The accusations and charges spread out across the 50 years of their marriage
and even before. They had all been family members.
“I didn’t know,”
she said. “I swear to you I had no idea. No one believes me. They say I must
have known, must have had some idea. I swear to you — I swear to God — I didn’t
know. I didn’t know him at all.”
In the end, as at
the beginning, we are mysteries to each other.
The work of
chaplaincy dabbles in mystery all the time. The mystery of God, the mystery of
death, the mystery of life. What was it all for? What does it all mean?
Add love to that
list of mysteries.
In chaplaincy, a
mystery is not something that cannot be known. It’s the opposite. We say God
and life and death are mysteries in theological language not because they are
unknowable, but because there is so much to know that you can never know the
depths of it; there is always more you can learn. They are Mysteries, with a
capital M, because they are infinitely knowable. The more you learn, the more
you want to know.
That’s really what
falling in love is, isn’t it? Yearning to know more about a person, the
amazement and delight as each layer is peeled back, the realization that you
can never get enough of the one you love. Perhaps the death knell of love is
not anger or even indifference; it’s losing the desire to know more about your
partner.
So my marriage was
not based on a lie. But like all marriages, it is a mystery. I could not know
everything there was to know about Alex the day I married him, and he could not
know everything about me. Neither of us could know what the future held.

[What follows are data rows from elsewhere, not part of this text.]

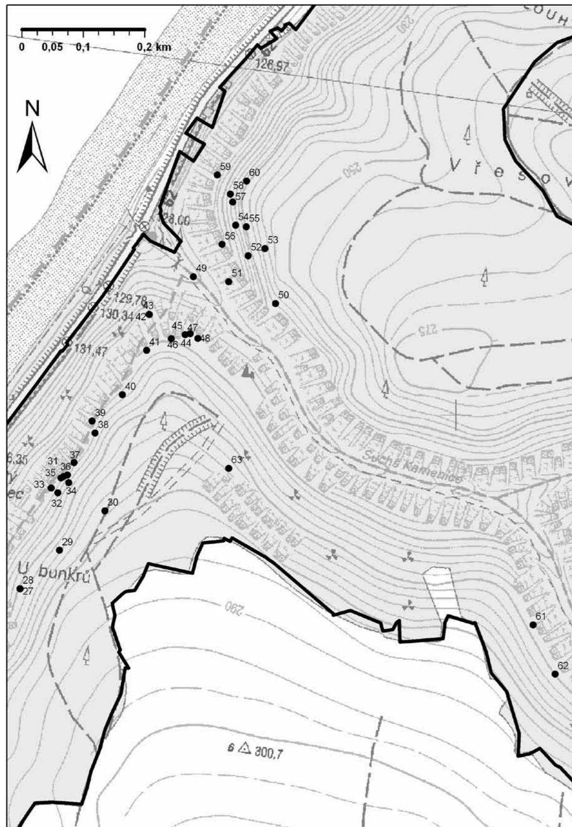
Obr. 1: Jeskyně v severní části NPR Kaňon Labe, ležící v okolí údolí Suché Kamenice. Čísla zákresů odpovídají výše uvedenému komentovanému seznamu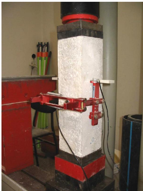
Слика 1. Диспозиција испитивања статичког модула еластичности

Укупно је испитано по три узорка од сваке серије, тј. 3 \times 7 = 21 узорак.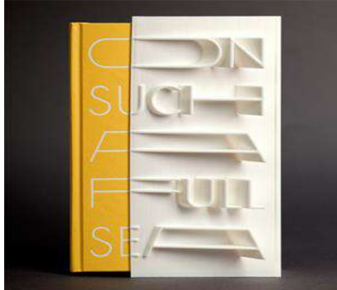
Görsel 6. MakerBot firması tarafından üretilen 3 Boyutlu kitap kapağı tasarımı (Çatal, D., (2016). Usage of experimental typography of book cover design in digital age) (Image 6. By MakerBot firm produced 3D book cover design)

modellerin oluşturulması, stop motiona yönelik karakter ve senaryolara ilişkin sistemler, görme engellilere yönelik dokunsal yapıların algılanması, ambalaj tasarımına yönelik yeni konseptlerin geliştirilmesi gibi tasarım problemlerinin çözümünde bir araç olarak düşünülebilir (Sampaio, Spinosa vd., 2014:26). Bu yeni teknolojinin kitap kapağı tasarımında kullanılmasıyla oldukça farklı bir yaklaşım denenmiştir. Koreli yazar Chang-rae Lee'nin "On Such a Full Sea" isimli romanının kapağı 3 boyutlu yazıcı kullanılarak üretilmiştir (Görsel 6). Tasarımcı bir röportajında kapağı tasarlarlarken, kitabın bir sanat nesnesi olduğunu hatırlatmak istediğini ifade etmiştir (Çatal, 2016:570).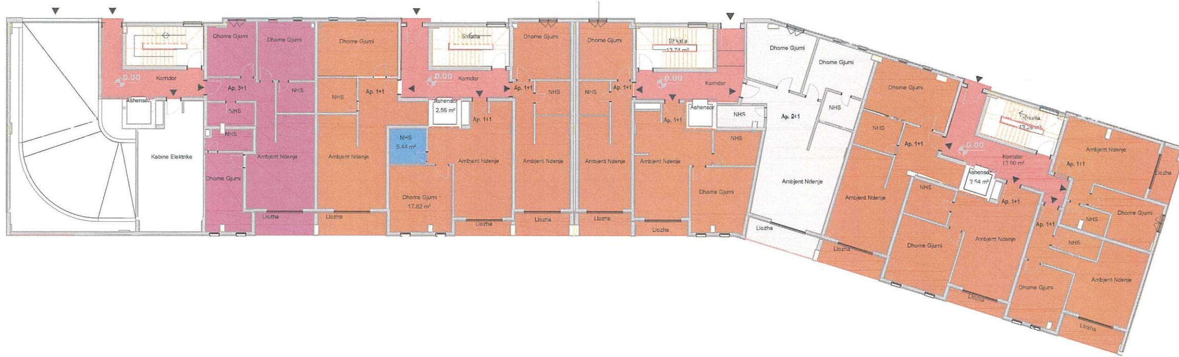
Planimetri Objekti 2.1 Kati Perdhe Banim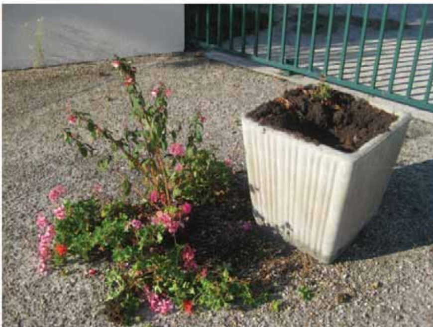
Même nos enfants n'ont pas été épargnés, ci-dessus les jardinières situées devant l'entrée de l'école.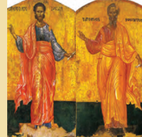
Ἰάσωνος & Σωσιπάτρου τῶν Ἀποστόλων Κερκύρας μάρτυρος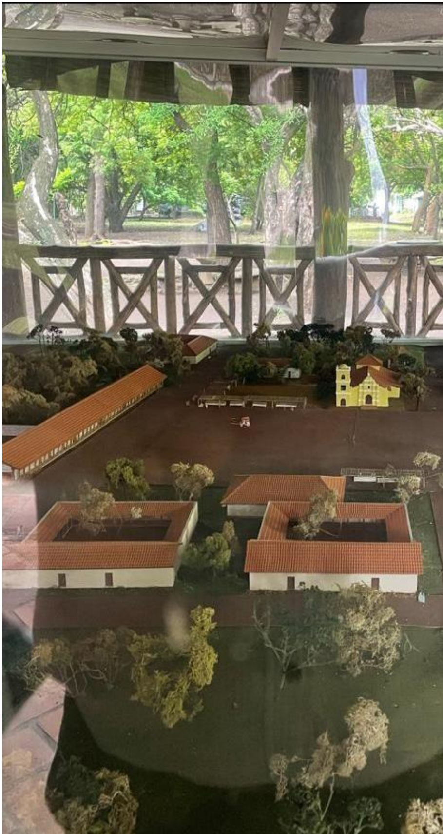
Maqueta hipotética de la antigua ciudad.

Neither of us could know, in that little red rental car, that I would have a
baby two years later in the town in Iowa where we lived, far away from the town
where we married.
We couldn’t know
that I would develop drug-induced psychotic disorder from anesthesia during
that birth. Couldn’t know that a psychiatrist would tell Alex that I would be
disabled for the rest of my life from psychosis and that we would move back
across the country to be closer to my family. Certainly could not have known
that with the right help, I would get better in that new town of green hills
and stone walls on Buzzards Bay, and that I would find a calling to work with
the dying there.
Why, then, would
any of us leap into marriage, knowing that the future is unknowable, knowing
our spouse is a mystery we can never fully understand?
I suppose it’s
faith. Belief that there is something deeply good in the mysterious heart of
the infinitely knowable other. And hope that this goodness will be enough to
face the future together. Sometimes that works out; sometimes it does not.
In the end, Alex
didn’t go to jail for his bachelor party escapades. He paid a fine, just as he
predicted. He still doesn’t understand why I cried all night the day after we
got married.
I still believe
there is something deeply good in him. I still don’t understand him at all.